Question

A 7.3 kg block with a speed of 4.8 m/s collides with a 14.6 kg block that has a speed of 3.2 m/s in the same direction. After the collision, the 14.6 kg block is observed to be traveling in the original direction with a speed of 4.0 m/s. (a) What is the velocity of the 7.3 kg block immediately after the collision? (b) By how much does the total kinetic energy of the system of two blocks change because of the collision? (c) Suppose, instead, that the 14.6 kg block ends up with a speed of 6.4 m/s.

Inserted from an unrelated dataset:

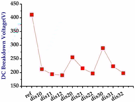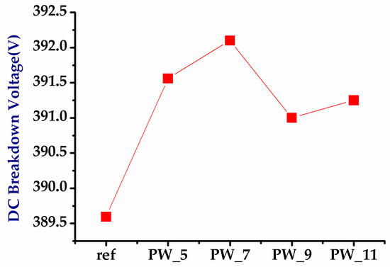 Similarly, the experimental results of the UHV nLDMOS-related DUTs with discrete HVNW layer modulation in the drift region obtained from using the breakdown voltage measurement and TLP testing are shown in Figure 10, Figure 11 and Figure 12. In Figure 10, the breakdown voltage decreases when the HVNW layer is discrete (or experiences an increase in unit cell spacing). Due to the continuous depletion region formed by HVNW/PBody/DPW in the reference device, it can withstand a breakdown voltage of more than 400 V. However, when the HVNW layer was discrete, the breakdown voltage decreased due to the discontinuous depletion layer, which cause the maximum electric breakdown decreased. Figure 11 and Figure 12 demonstrate that since the concentration of the n-epi layer is lower than the HVNW layer, the holding voltages of these HVNW discrete devices are higher than the reference group voltages, because the concentration is inversely proportional to resistivity, which means that the equivalent resistance of the n-epi is indeed higher than that of the HVNW layer. The test results of the UHV nLDMOS with discrete HVNW layer modulation in the drift region are shown in Table 6.
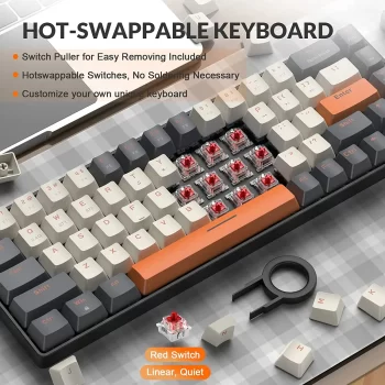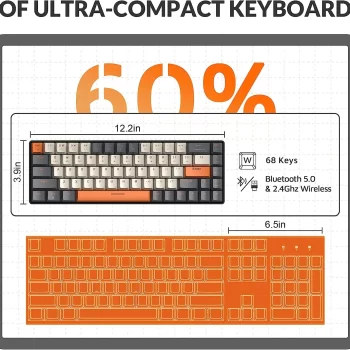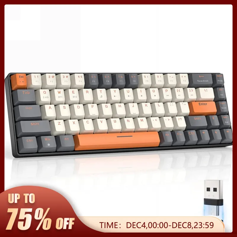 【 تصميم كلاسيكي مدمج وتصميم مريح K68 لوحة مفاتيح الألعاب الصغيرة هذه تعتمد تصميم مدمج للغاية من 68 مفتاحًا ، مع مفاتيح أسهم مستقلة ، وأكثر ملاءمة للاعبين والطابعين ، إعطاء مساحة أكبر لسطح المكتب الخاص بك. تحتوي لوحة مفاتيح الألعاب التي تعمل بالبلوتوث بدون لوحة مفاتيح الأرقام على تصميم مريح عالي الضغط ، وهو ليس من السهل التعب بعد الاستخدام على المدى الطويل.

What then is the change in the total kinetic energy

Answer 1

a.)

From momentum conservation,

Pi = Pf

m1*u1 + m2*u2 = m1*v1 + m2*v2

here given that, m1 = 7.3 kg

m2 = 14.6 kg

u1 = 4.8 m/s

u2 = 3.2 m/s

v2 = 4.0 m/s

v1 = ??

then, 7.3*4.8 + 14.6*3.2 = 7.3*v1 + 14.6*4.0

v1 = (7.3*4.8 + 14.6*3.2 - 14.6*4.0)/7.3

v1 = 3.2 m/s , in the original direction

b.)

Initial kinetic energy = Ki = 0.5*m1*u1^2 + 0.5*m2*u2^2

Ki = 0.5*7.3*4.8^2 + 0.5*14.6*3.2^2 = 158.848 J

Final kinetic energy = Kf = 0.5*m1*v1^2 + 0.5*m2*v2^2

Kf = 0.5*7.3*3.2^2 + 0.5*14.6*4.0^2 = 154.176 J

So, change in kinetic energy = Kf - Ki = 154.176 - 158.848 = -4.672 J

c.)

Now, given that v2 = 6.4 m/s

then, v1 = (m1*u1 + m2*u2 - m2*v2)/m1

v1 = (7.3*4.8 + 14.6*3.2 - 14.6*6.4)/7.3

v1 = -1.6 m/s , in the opposite direction of original motion

then, Final kinetic energy = Kf = 0.5*m1*v1^2 + 0.5*m2*v2^2

Kf = 0.5*7.3*(-1.6)^2 + 0.5*14.6*6.4^2 = 308.352 J

therefore, change in kinetic energy = Kf - Ki = 308.352 - 158.848 = 149.504 J

Since, in this case final kinetic energy is greater than initial kinetic energy.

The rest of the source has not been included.